Valyn hitched his pack a little higher on his shoulders, and set off on the girl’s trail, bow in hand, with Shadow following closely behind, keeping mental track of her. In this much, at least, Valyn had an advantage over Shadow; one of the expected pastimes of young lords was hunting, and Valyn had a great deal more practice at handling his bow than Shadow had. In fact, it was a violation of rules that Shadow knew the use of weapons at all. Only fighters, gladiators, and assassins, all of them carefully conditioned and trained, with special coercions on their collars, were allowed the use or knowledge of anything other than a simple kitchen-knife. Mero’s possession of weaponry had raised no eyebrows in Cheynar’s household, since he was assumed to be an assassin/bodyguard—but in Dyran’s, it could have been punished with death.

So Valyn took the lead, in case they roused something else as formidable as whatever killed their horses. And if an arrow tipped with elf-shot couldn’t kill whatever came at them, magic certainly could.

Or so I delude myself
. Valyn had taken a look at the prints left by the thing that killed their horse, and had a fair notion of its speed. If it or another like it was lying in ambush for them, he wasn’t sure he’d have the time to get that first shot off.

But he wasn’t going to tell that to Mero. The young man was already apprehensive enough about being out in this untamed forest. Mero knew life between four walls very well; he was adept at intrigue and the ways to circumvent nearly anything. Out here, he was quite lost.

“How far ahead of us is she?” he asked over his shoulder. Mero was plowing doggedly through the underbrush, plainly miserable, head down and shoulders hunched.

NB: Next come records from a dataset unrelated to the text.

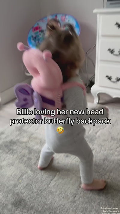 “I can't begin to tell you the hundreds of head concussion that this backpack saved my nephew. He had a big head and was imbalanced with the weight. He would easily just let himself fall backwards and this backpack was there between his head and the floor. I am so grateful that I bought it. He refused to wear head helmets but was receptive to wearing the backpack. The pink butterfly was just fantastic. He started wearing one between 4 months to 1 year old.”
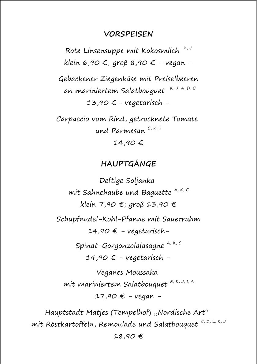 Deshalb bieten wir Ihnen eine kleine feine Speisekarte an, in der für jeden etwas dabei sein müsste.
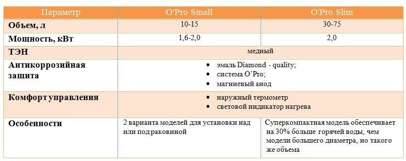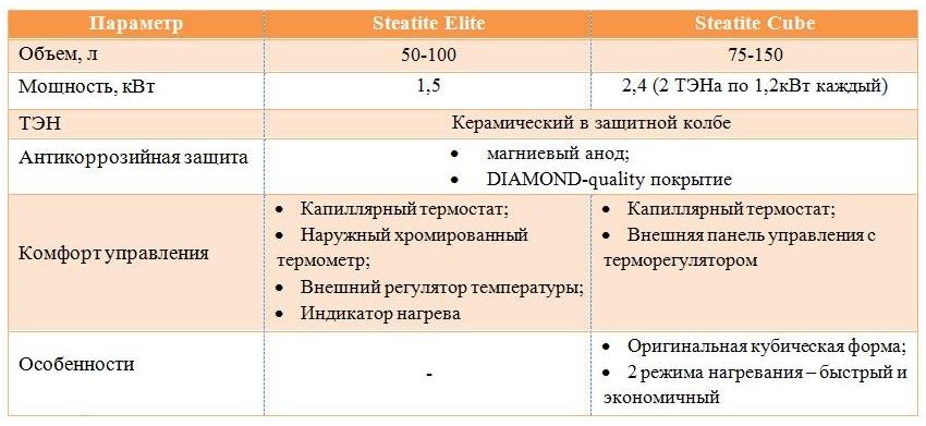 Укомплектованы водонагреватели накопительного типа двумя видами ТЭНов: мокрый и сухой. Первый напоминает кипятильник, а второй не контактирует с жидкостью. Мокрые тэны подвержены коррозии, накипи, для этого концерн разработал серию – O’Pro, которая защищена от ржавчины и других негативных воздействий, связанных с долгим пребыванием в воде. Сухие служат дольше, так как ограждены от жидкости колбой, кроме того, бесшумные ТЭНы товарной линейки Steatite отлично нагреваются. Цены на такие нагреватели немного выше обычных.
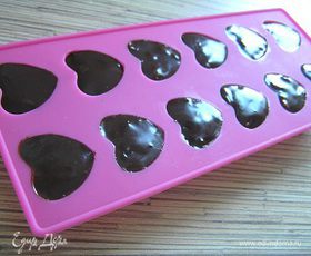 разложить по силиконовым формочкам, убрать в холодильник на 2-3 часа до застывания. Перед подачей поместить формочки в морозилку минут на 7-10 минут, чтобы легче было извлечь конфеты.
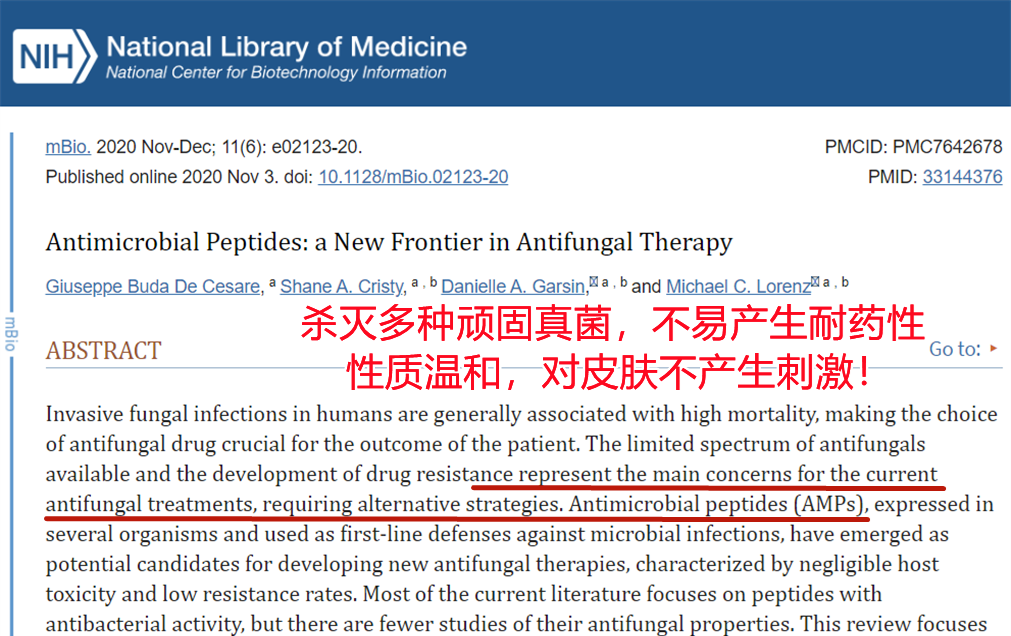 AMPs 灭箘抑制肽能杀灭多种顽固真箘,耐葯性低,抑箘效果长久可靠!且性质温和,对人类肌肤几乎无刺激!
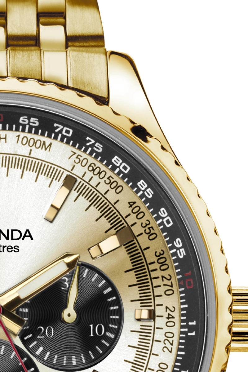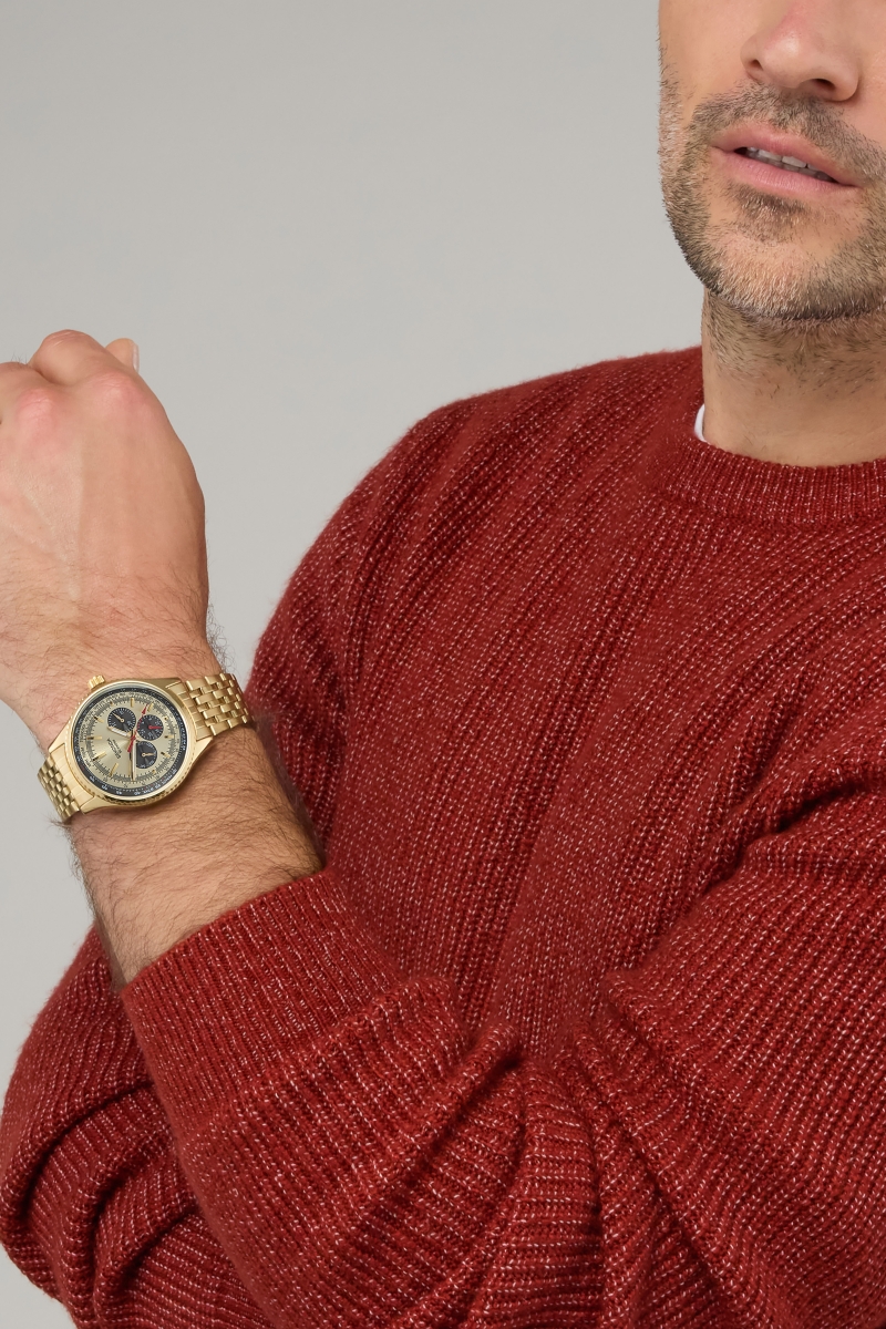 • Kommer med rem i rustfri stål og guldfarvet urskive.

He couldn’t help it; the cruelly logical and analytical part of him added:
And paying no attention to anything around him, just on the ground in front of him
.

“I think we can catch up with her just after dusk,” Mero said, his voice muffled and indistinct. “She’ll probably make camp about then. I doubt Cheynar will be close enough to pick up her trail until tomorrow, he’s off west and south of here, sure as anything that the goat he’s following is her.”

Valyn choked on a laugh.

“I just thought I’d tell you,” Mero continued, with just a hint of sullenness, “there isn’t anything close enough to be dangerous for—well, for a lot farther than we need to worry about. I
am
checking. I’m not as useless as you might think.”

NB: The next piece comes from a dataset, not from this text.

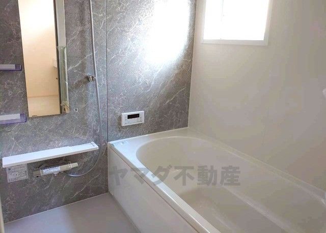 1日の疲れを癒すくつろぎのバスルーム。足を伸ばしてもゆったりと入れるサイズです。お子様と一緒にお風呂に入っても狭くないですね^^
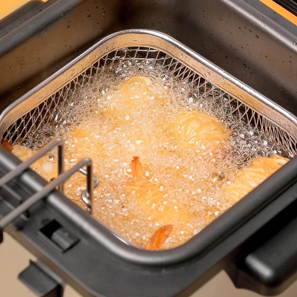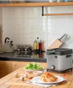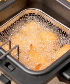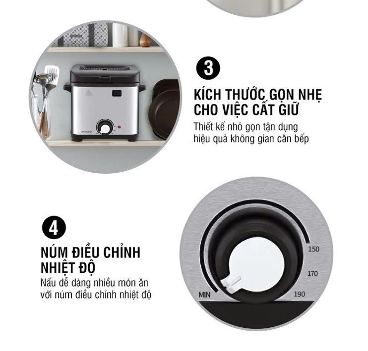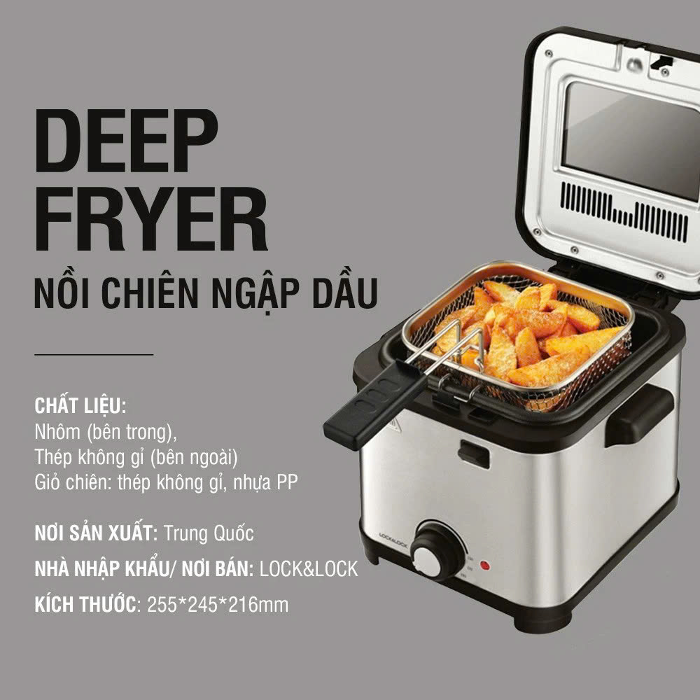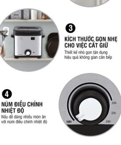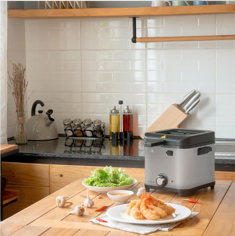 - Điều chỉnh nhiệt độ linh hoạt: Núm xoay cho phép tùy chỉnh nhiệt độ phù hợp với từng loại thực phẩm khác nhau (khoai tây, cá, thịt…).

Valyn flushed, wondering if Shadow had picked up some of his earlier thoughts. But then he remembered last night… and spoke, words he really hadn’t meant to say, but said anyway.

“That’s assuming it can’t hide its mind from you,” he retorted. “The thing last night could—or at least you didn’t know it was there until it got the horse!”

“I wasn’t looking for it!” Mero shot back resentfully, raising his head to glare at his cousin. “I’m looking now!”

“Are you willing to bet your life on being able to’see’ it?” Valyn said, after a moment of silence between them. “I’m sorry, Mero—I’m not. I’m not willing to bet my life on much of anything right now.”

More silence. Valyn glanced back over his shoulder, to see Mero plodding along, head down again. Then—

“Neither am I,” came the quiet reply.

Valyn checked the arrows in his quiver, and the tension on his bowstring. “Then let’s both do the best we can,” he suggested gently, guilty for making the point in the first place, even if it was a good one. “And let’s find this girl as quickly as we can, because she’s obviously better at this than both of us together!”